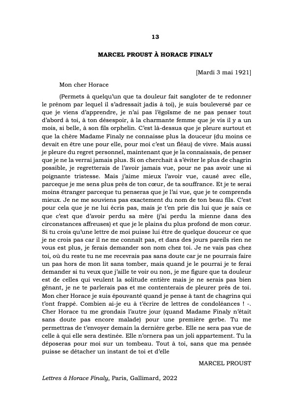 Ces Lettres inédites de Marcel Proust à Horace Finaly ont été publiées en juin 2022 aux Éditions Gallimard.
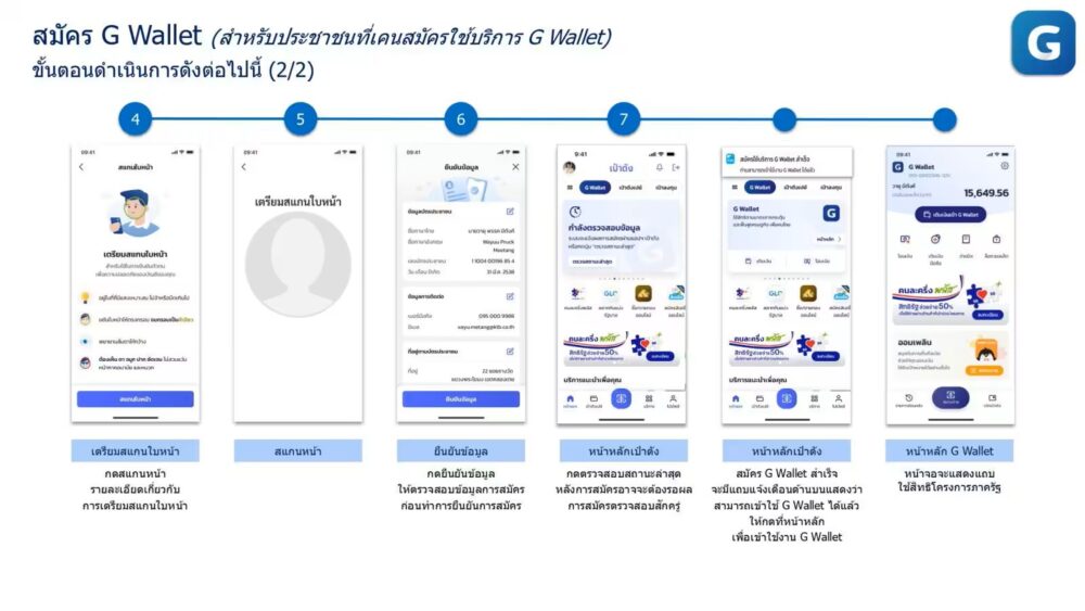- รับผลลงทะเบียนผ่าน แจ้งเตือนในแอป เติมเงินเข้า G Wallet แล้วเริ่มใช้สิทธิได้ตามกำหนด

* * *

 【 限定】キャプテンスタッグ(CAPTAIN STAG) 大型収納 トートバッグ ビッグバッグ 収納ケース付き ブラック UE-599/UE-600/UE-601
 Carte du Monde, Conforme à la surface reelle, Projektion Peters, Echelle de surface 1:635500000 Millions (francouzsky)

---

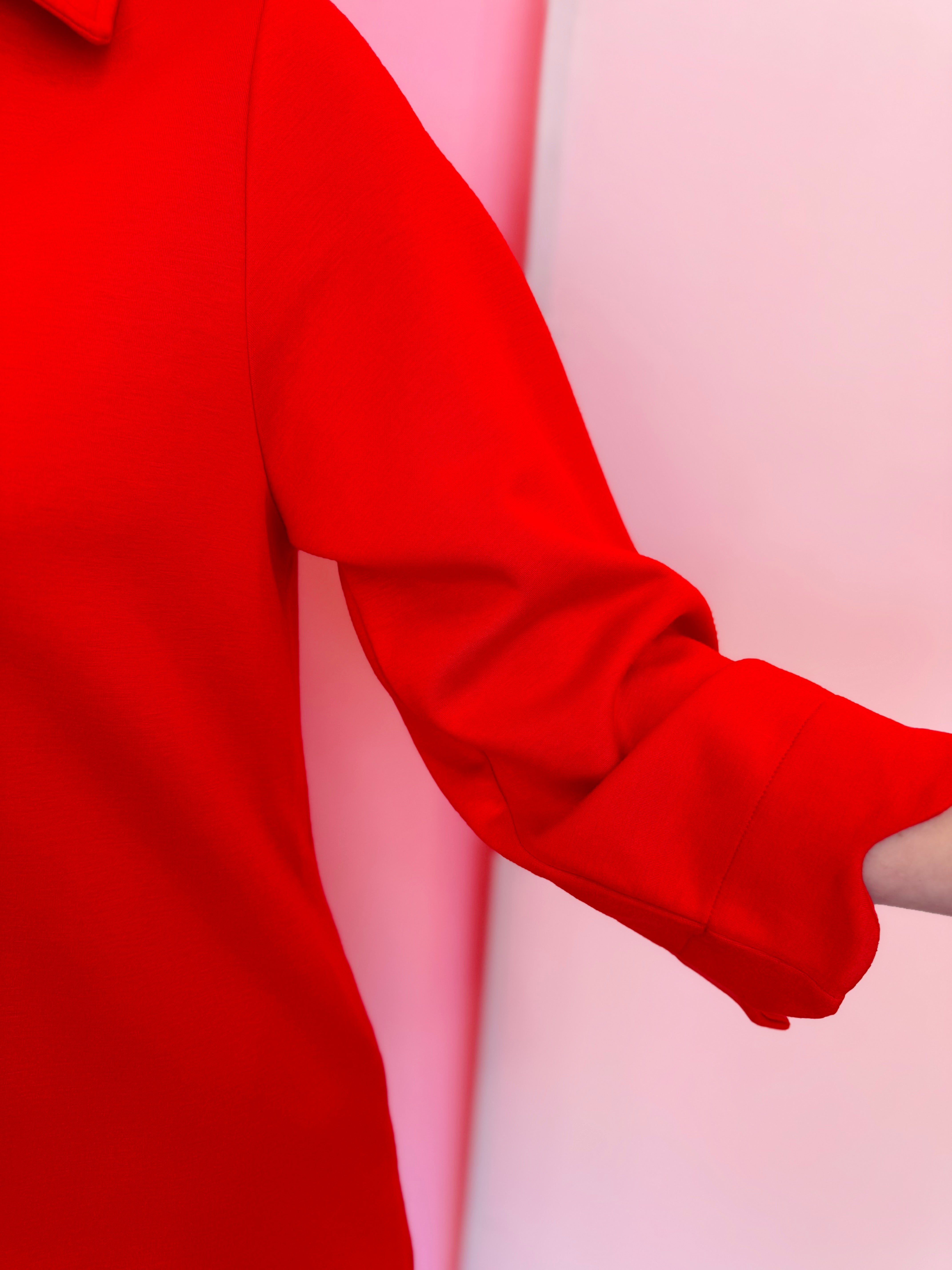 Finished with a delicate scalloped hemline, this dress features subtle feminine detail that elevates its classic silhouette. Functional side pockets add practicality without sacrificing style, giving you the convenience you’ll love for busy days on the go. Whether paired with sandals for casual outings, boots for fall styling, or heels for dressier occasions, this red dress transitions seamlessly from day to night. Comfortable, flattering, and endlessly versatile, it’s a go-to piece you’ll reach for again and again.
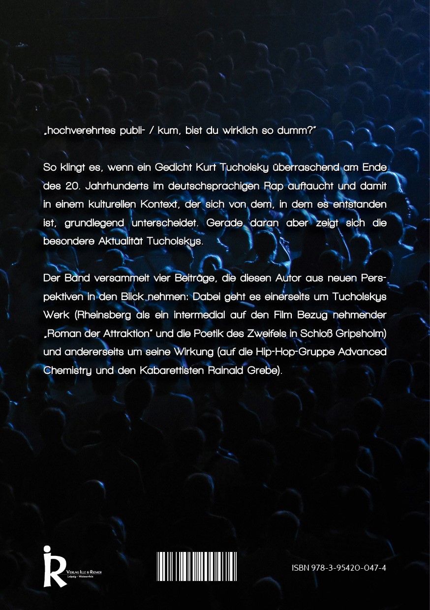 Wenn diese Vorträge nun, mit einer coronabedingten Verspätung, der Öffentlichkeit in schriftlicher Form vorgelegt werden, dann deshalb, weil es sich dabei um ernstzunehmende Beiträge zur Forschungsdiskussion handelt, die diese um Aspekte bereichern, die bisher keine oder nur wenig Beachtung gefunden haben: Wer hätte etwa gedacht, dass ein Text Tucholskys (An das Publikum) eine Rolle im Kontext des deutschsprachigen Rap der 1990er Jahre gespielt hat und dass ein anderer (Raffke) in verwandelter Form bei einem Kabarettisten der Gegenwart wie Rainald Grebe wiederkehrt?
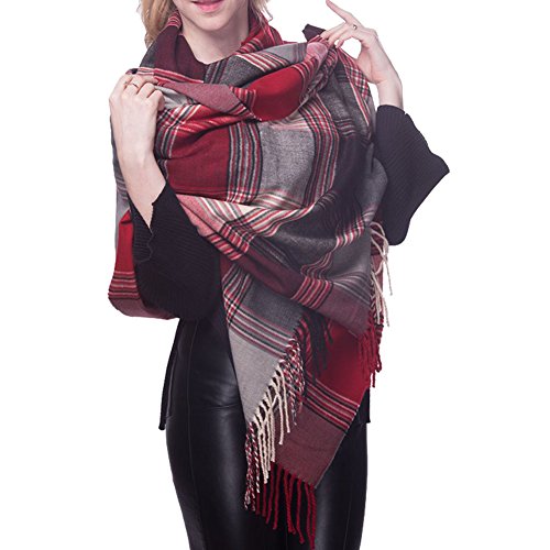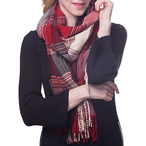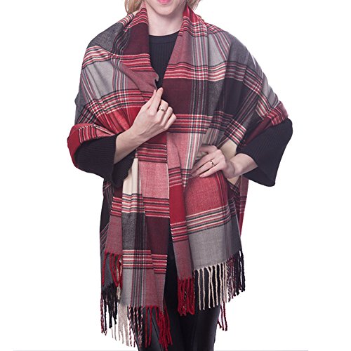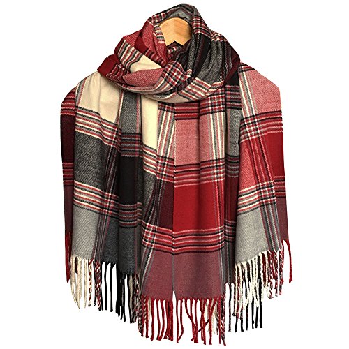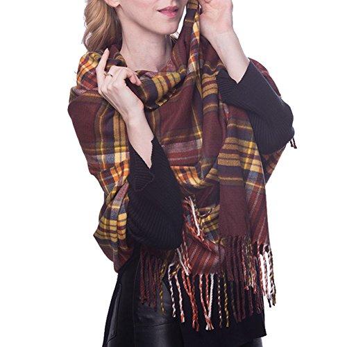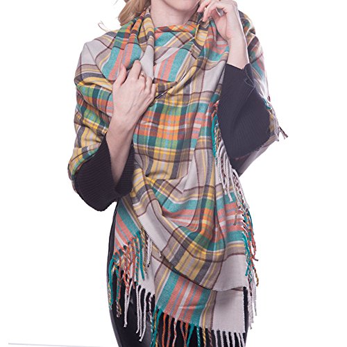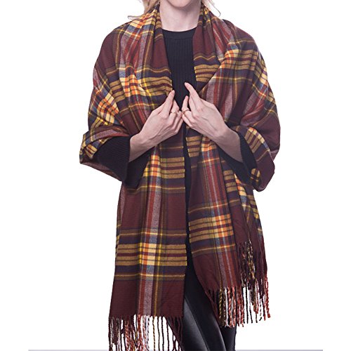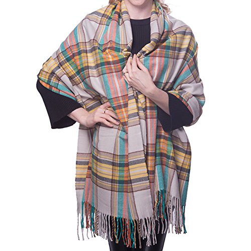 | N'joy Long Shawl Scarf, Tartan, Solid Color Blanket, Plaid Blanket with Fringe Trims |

## YOUR GOAL
Within these entries, output exactly the lines starting at the one with "Ces Lettres inédites" and finishing at the one with "- รับผลลงทะเบียนผ่าน แจ้งเตือนในแอป". Leave pictures out of the output.

## OUTPUT
 Ces Lettres inédites de Marcel Proust à Horace Finaly ont été publiées en juin 2022 aux Éditions Gallimard.
- รับผลลงทะเบียนผ่าน แจ้งเตือนในแอป เติมเงินเข้า G Wallet แล้วเริ่มใช้สิทธิได้ตามกำหนด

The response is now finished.